― Dom Passantino (Dom Passantino), Friday, 10 February 2006 12:11 (eighteen years ago) link
Gypsy, am I with you or against you? Have you realized yet that by siding with the Free Speech or Genocide crowd you're just as much of a sucker as you've accused the multi-culti "no offensive cartoons!" crowd?
― TOMBOT, Friday, 10 February 2006 14:32 (eighteen years ago) link
i'm just disheartened by how quick people have been to gloss over the free speech/free press part of the issue and act like the danish paper did something unforgivable. i had one guy the other day tell me that publishing the cartoons was as stupid as invading iraq. i hate that one of the major emerging themes from this, implicit and in some cases explicit, is that even a free press needs to watch what they say about people's religions. to which my knee-jerk first amendment response is, 'i got yer religion right here, buddy.' everybody loves freedom of expression until they get offended -- but defending the absolute right to offensive speech is part of the deal. i know, nobody here is saying people shouldn't have the right to be offensive. but they ARE saying people shouldn't BE offensive, for this reason or that reason, and that's uncomfortably close to the same thing -- especially when you have even ostensible voices of reason like kofi annan making throat-clearing noises about the need to respect religion.

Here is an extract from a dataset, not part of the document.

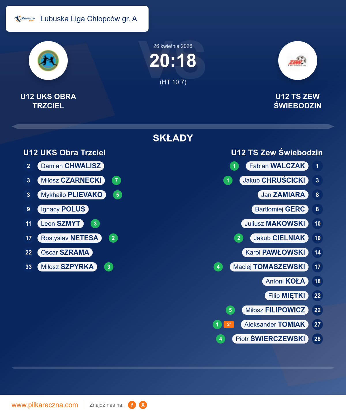 U12 UKS Obra Trzciel 20–18 U12 TS Zew Świebodzin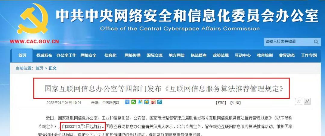 从3月1日起,国家网信办等四部门联合发布的《互联网信息服务算法推荐管理规定》(以下简称《规定》)开始正式施行。

and also, like i keep saying, i think both the context of the publication of these cartoons and the actual level of offensiveness of the content have been grossly distorted. muhammad with a bomb in his turban might not be an image i personally would publish, but given the events of the last several years i don't see how it falls outside the bounds of reasonable political satire.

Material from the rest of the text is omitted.